#### [Data for review]
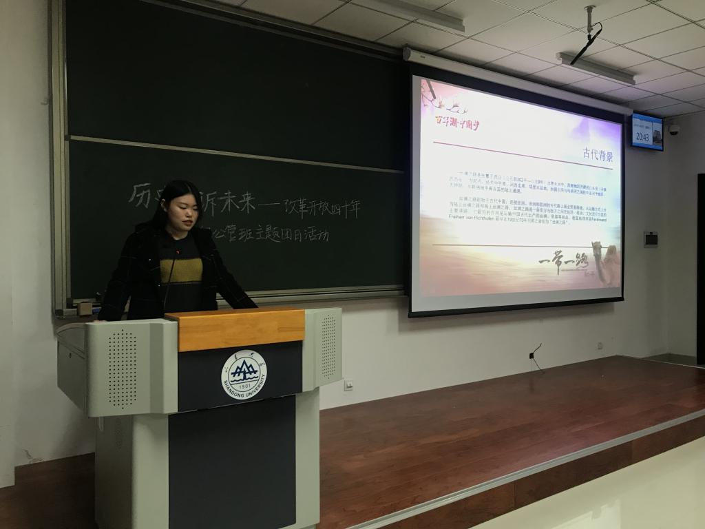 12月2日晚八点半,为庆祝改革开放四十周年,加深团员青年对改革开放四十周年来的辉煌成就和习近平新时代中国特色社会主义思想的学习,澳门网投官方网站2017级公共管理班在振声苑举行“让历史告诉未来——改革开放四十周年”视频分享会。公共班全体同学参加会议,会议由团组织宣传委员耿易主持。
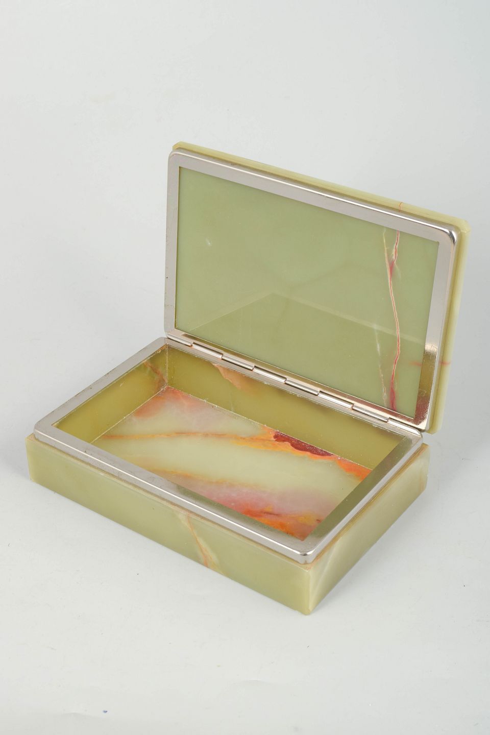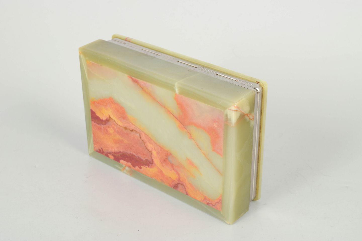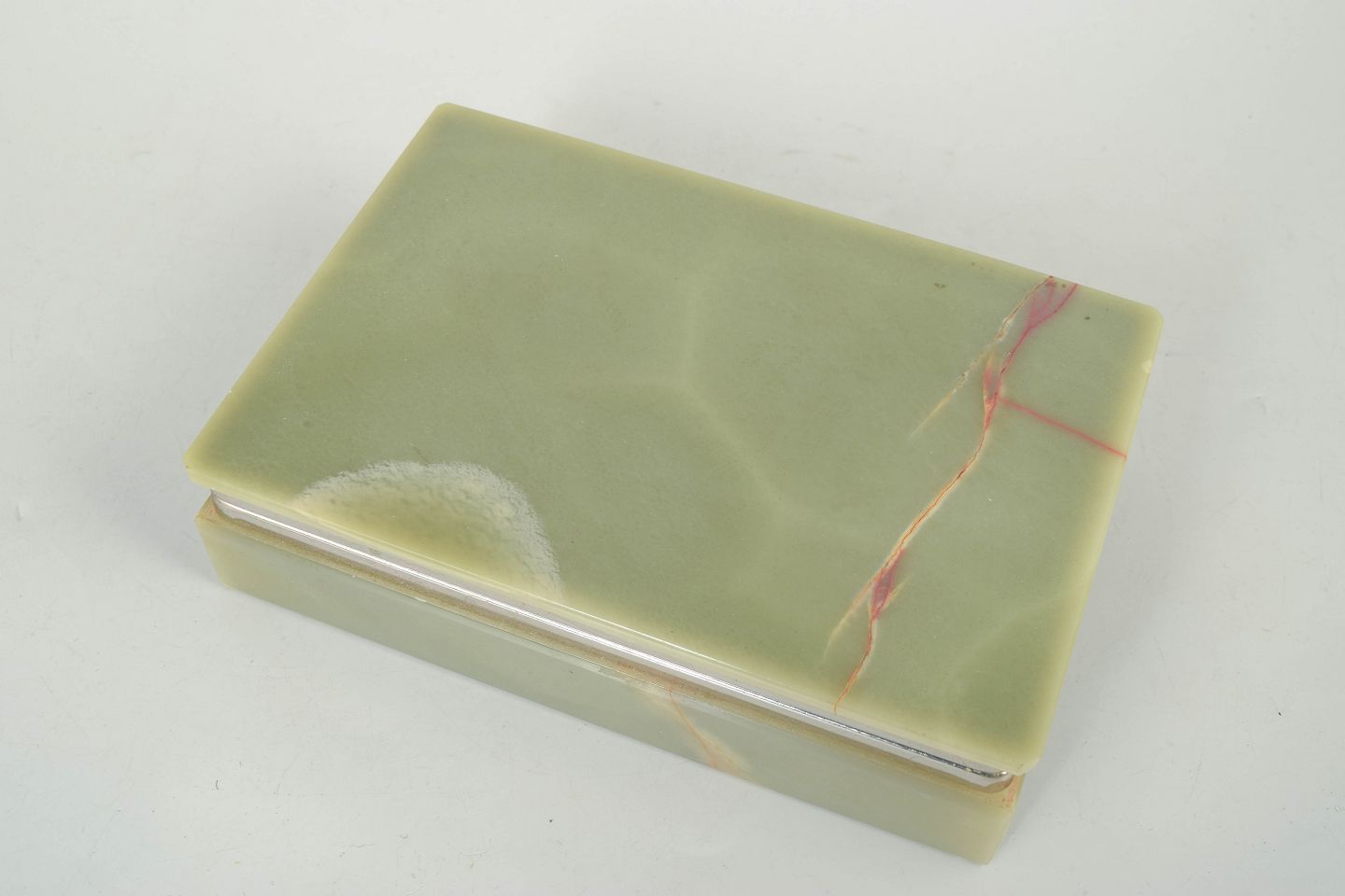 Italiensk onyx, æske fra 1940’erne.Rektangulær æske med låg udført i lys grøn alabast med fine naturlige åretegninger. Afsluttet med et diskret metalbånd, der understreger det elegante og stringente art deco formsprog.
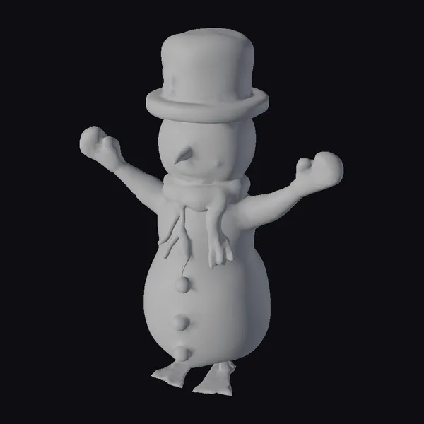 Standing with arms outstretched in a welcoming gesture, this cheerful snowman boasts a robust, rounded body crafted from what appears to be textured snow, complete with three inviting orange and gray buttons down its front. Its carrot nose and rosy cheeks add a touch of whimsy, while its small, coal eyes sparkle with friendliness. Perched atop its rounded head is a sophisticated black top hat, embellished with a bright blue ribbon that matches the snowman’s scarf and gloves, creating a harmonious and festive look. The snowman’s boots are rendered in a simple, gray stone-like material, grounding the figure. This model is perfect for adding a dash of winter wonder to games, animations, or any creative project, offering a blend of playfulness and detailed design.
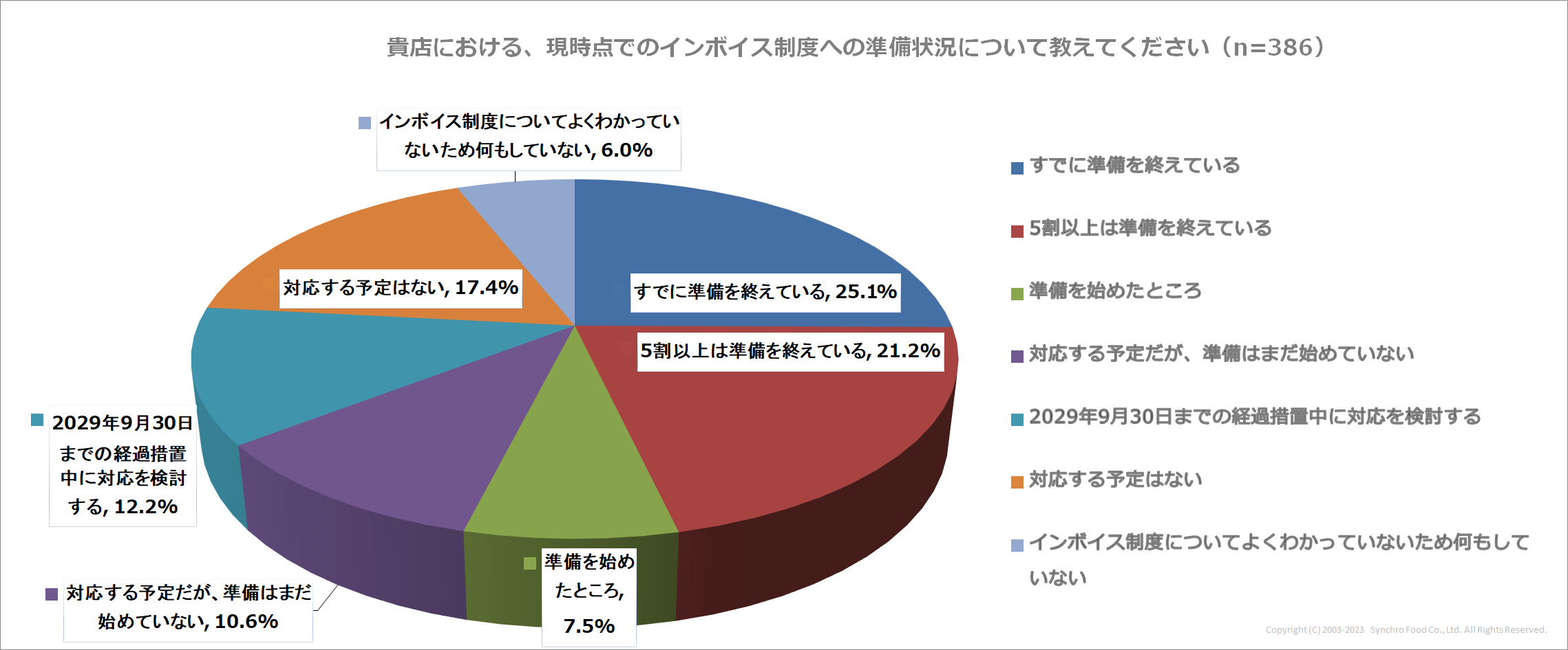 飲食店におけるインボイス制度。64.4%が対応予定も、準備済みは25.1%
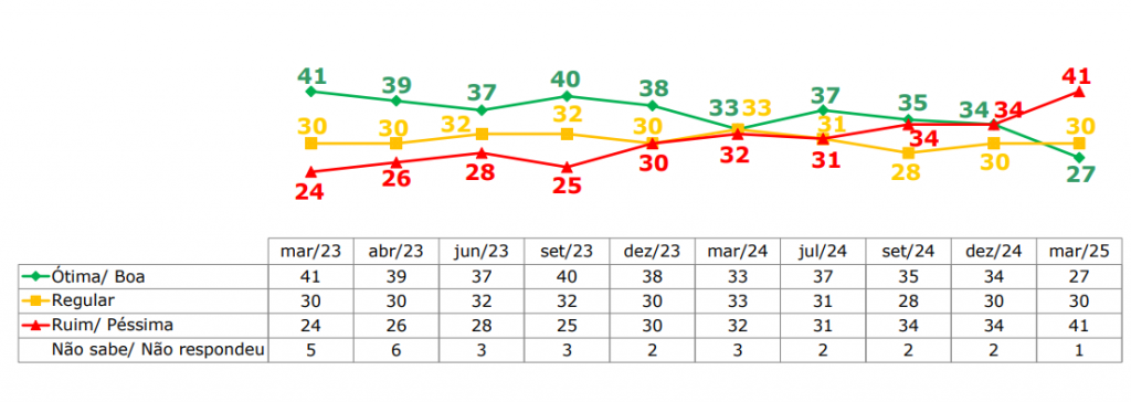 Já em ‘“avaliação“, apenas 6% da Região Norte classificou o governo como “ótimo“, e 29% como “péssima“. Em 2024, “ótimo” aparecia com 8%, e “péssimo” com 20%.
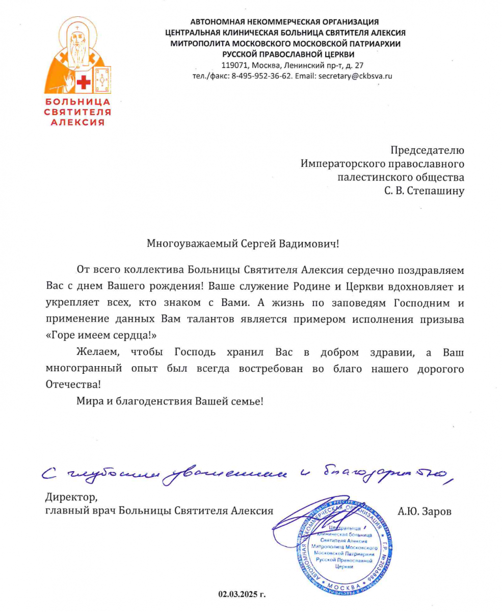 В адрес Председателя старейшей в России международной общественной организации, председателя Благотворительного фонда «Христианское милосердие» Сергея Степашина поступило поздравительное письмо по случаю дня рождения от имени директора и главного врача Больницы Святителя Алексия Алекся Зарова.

#### [Your assignment]
Could you reproduce exactly the lines running from the one with "apenas 6% da" through the final line of the listing above, both included, and drop the pictures?

#### [Answer section]
 Já em ‘“avaliação“, apenas 6% da Região Norte classificou o governo como “ótimo“, e 29% como “péssima“. Em 2024, “ótimo” aparecia com 8%, e “péssimo” com 20%.
 В адрес Председателя старейшей в России международной общественной организации, председателя Благотворительного фонда «Христианское милосердие» Сергея Степашина поступило поздравительное письмо по случаю дня рождения от имени директора и главного врача Больницы Святителя Алексия Алекся Зарова.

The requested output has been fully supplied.